The best of these won’t be built around immersive experiences for entertainment, gaming, or the other slightly more trivial use cases that seem to define this part of silicon town. I imagine the Apple Developer Awards for visionOS will reward those attempting to build experiences that fully exploit the potential of these products. Over time, we’ll see more use cases emerge.
Apple has always anticipated this kind of pattern. Speaking back in 2017, Apple CEO Tim Cook put it thusly: “Think back to 2008 when the App Store went live,” he said. “There was the initial round of apps, and people looked at them and said, ‘This is not anything; mobile apps are not going to take off.’”
Today, we use apps for millions of tasks, and while the number of relevant tasks in visionOS may or may not match that number, it will grow.
Once you understand the scope of Apple’s ambition, it should be clear why it is exploring a different opportunity space than the entertainment-focused vision most similar products are exploring. (Though Apple isn’t ignoring entertainment, as evidenced by the 150 3D movies that will be available the day Vision Pro ships.)
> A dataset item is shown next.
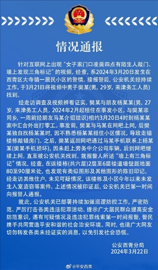 ·天津警方通報(bào)網(wǎng)傳“女子家門口發(fā)現(xiàn)三角標(biāo)記”。

More Minority Report than Meta
That “spatial computing” space is a synthesis of technologies in which almost every computing task we do today becomes a wearable task.
It’s one in which Macs do indeed become a computer we wear like sunglasses, which could yet unleash profound opportunities. Or not. We don’t know yet.
Of course, there will be a curve to tech adoption here. At the start, visionOS will be a relative platform minnow, not least as a consequence of the $3,500 price tag on the soon-to-ship Vision Pro.
However, as developers and Apple itself strive to identify those use cases in which these systems make the biggest difference, the reasons to invest in these contraptions will expand. Apple will diversify the product range and we think plans to make the headsets (which it doesn’t want developers to call headsets) more affordable.
In other words, as the cost of the devices falls, the number of usage cases will increase — and we’ll all gain better insight into where this synthesis of wearable, mobile, presence, and reality distortion technologies make the most difference.
Where will you use a spatial computer?
Returning to that Gantt chart, imagine you are a product designer working with a manufacturing partner in a different country. If there’s a problem on the production line, you and your partner can both don your Apple headsets and explore the factory. You’ll be able to see with their eyes, with both of you also seeing any relevant diagnostic information overlaid on what you see. You’ll be able to remotely diagnose faults, and the person you are working with may even be able to rectify them with your assistance.
That kind of tech also lends itself to use on construction sites, for utilities management, exploration, search and rescue, military, medical, and more. Any situation in which remote presence and on-device computing can be applied is open to spatial computing.
When (as it will, of course, eventually be) combined with the kind of narrow, focused intelligence we will see emerge as the cream of the GenAI crop over the next year or two, Apple’s spatial platform could act as an accelerant to ignite yet another series of digital transformation events that transform industries, just as iPhone has already done.
Despite its ambition, Apple might not succeed. It might fail to set the world alight with its vision for spatial computing. Over time, developers and customers could find the experiences enabled aren’t a significant improvement over what’s already here.
Time will tell.
How to think about Apple and spatial computing
Succeed or fail, rather than looking at these as consumer electronics items, or as a faddish new way to watch a big TV during long haul flights (though for some that may be enough of a reason to get hold of a set on expenses), decision-makers must understand that what Apple is trying to build is a new computing paradigm.
What it will do next is try to show how its new platform will make a difference to you and your business. Perhaps you should think about that?